The Frog’s Story
Frog princess is a far and near famous big beautiful frog 🐸, she wanted to find a clever husband, so set up a challenge, contest: there are continuous board, because the material is different, each board can jump the maximum distance is limited, to recruit the young talent, need to judge, whether can jump to the last board.
Let’s take a look at the input parameters: an array of non-negative integers, with the frog at the first position in the array, and each element in the array representing the maximum length you can jump at that position. The output is simpler: can jump.
Their thinking
According to the general thinking, DFS can certainly be done, but it should not be the most efficient. So, recursively, dynamic programming, and see if there’s any possibility of using a greedy algorithm, and if there’s a greedy algorithm, that might be the simplest path.
Fortunately, this problem can be done either by DFS, dynamic programming or greedy algorithm. I prefer this kind of problem. It is easy to improve by comparing and summarizing different approaches from different ideas. Without further ado, let’s take a look at each one.
Fancy easing the bit in
DFS depth-first algorithm
The most straightforward solution is to perform a RECURSIVE DFS search based on every possible jump distance per board. This algorithm is brainless and has obvious disadvantages: high time complexity and high probability of timeout.
Another Angle: Aim for the last plank. So go ahead and find all the boards that you can jump to, and then target those boards recursively. This algorithm is also mediocre speed, is an optimized version of DFS.
Sure enough, run timeout, frog frog tears.
Dynamic programming
We define an array dp, where dp[I] represents the maximum range that can currently be covered. If the current position is reachable, it is simple to determine whether dp[i-1] is less than I. If it is less than I, it is unreachable. If reachable, update dp[I] = Max(dp[i-1], I +nums[I]).

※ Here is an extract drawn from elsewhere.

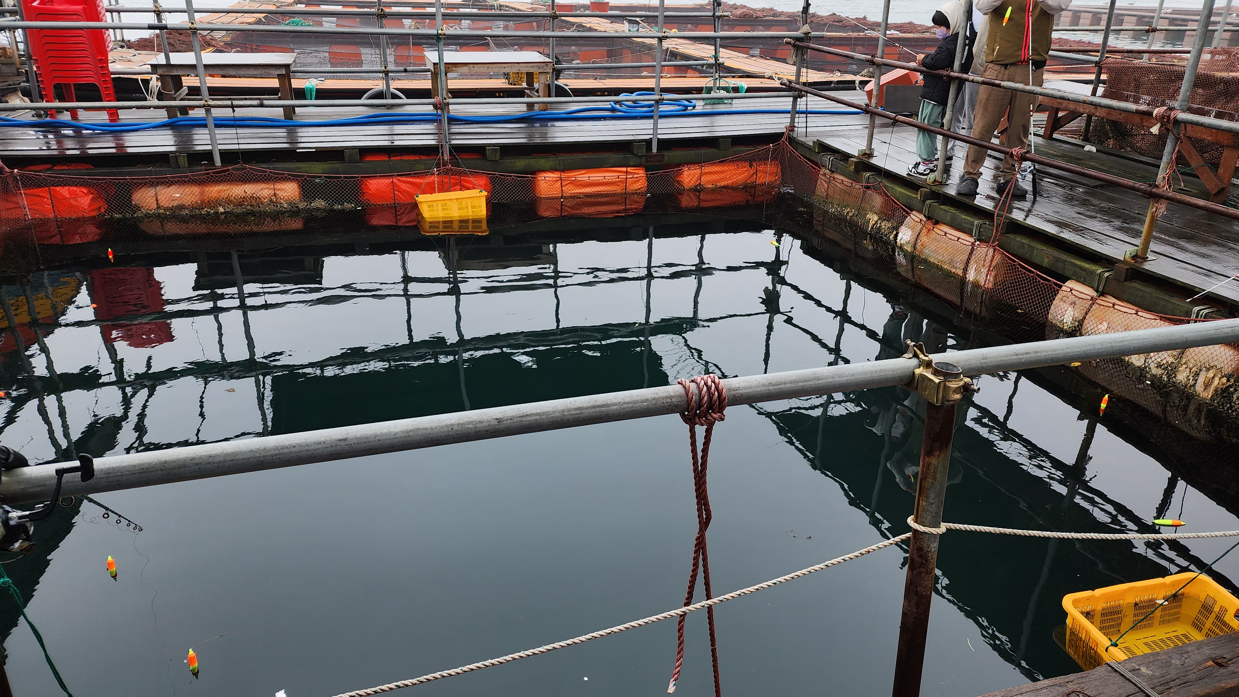 이런 사각으로 제작된 낚시터에서 가두리 낚시를 한다.

As can be seen from the execution results in the figure above, the data executed according to dynamic planning is a leap forward compared to DFS, with time consumption reduced by 2/3 and memory consumption reduced by more than 100%. The time complexity should already be optimal. Later, it depends on whether the space can be optimized.
Greedy algorithm
Greedy algorithms, as the name suggests, are greedy enough. If the current board can jump farther than the current board can reach, jump to the current board, otherwise stay on the current board first. Follow this rule and jump to the last board, always standing on the farthest board you can jump. If there is a position in the middle that is unreachable, it is impossible to jump, because on the greedy basis, the current point is already the largest coverage, if this can not jump, other ways can not.
We can see this code, simple and elegant, time-consuming to meet expectations, after writing to their own like 👍, frog prince also have to thank me!
But if you think about it, the code above could have been much cleaner. Because the jump point is not necessary in this case, in other words, we can go from focusing on the jump point to focusing on the distance. The optimized code is as follows, isn’t it clearer?
It’s nothing to make a simple thing complicated. To do complex things more simple, is the key to ability improvement!
The inverse method
In fact, this problem to do here, but also make a feeling. And I thought, is there another way?
Think about it from another perspective, most of the previous forward derivation, but DFS is backward walking, indicating that inverse derivation is feasible, but we dislike DFS efficiency is too low.
For a target position, we move forward to find the nearest board to jump to that position and use that board as our new target. And if you keep going backwards, if you eventually get to the first piece of wood, which is where we started, then you can jump from the beginning to the end.
Notice, let’s think about it a little bit differently than DFS, which is based on the current position, recursively from back to front, all the way to the current board, going through multiple branching paths; And this kind of inverse, which just kind of moves forward, is order n.
Frog frog’s analyse
When viewed from the side of a mountain, all roads lead to Rome. There are so many ways of thinking in a simple springboard movement. Do one thing to the extreme, we will also harvest a lot. To solve algorithm problems, we should not only try beats 100%, but further pursue to thoroughly do all kinds of methods. Each method may have its own advantages and disadvantages, and it is possible to add a restriction condition, so the current optimal solution will become a dead end.
Of course, the most important thing is that this habit trains us to think in a different way. Whether in school or at work, you can give several solutions to a problem, but can’t be the prettiest guy on the street?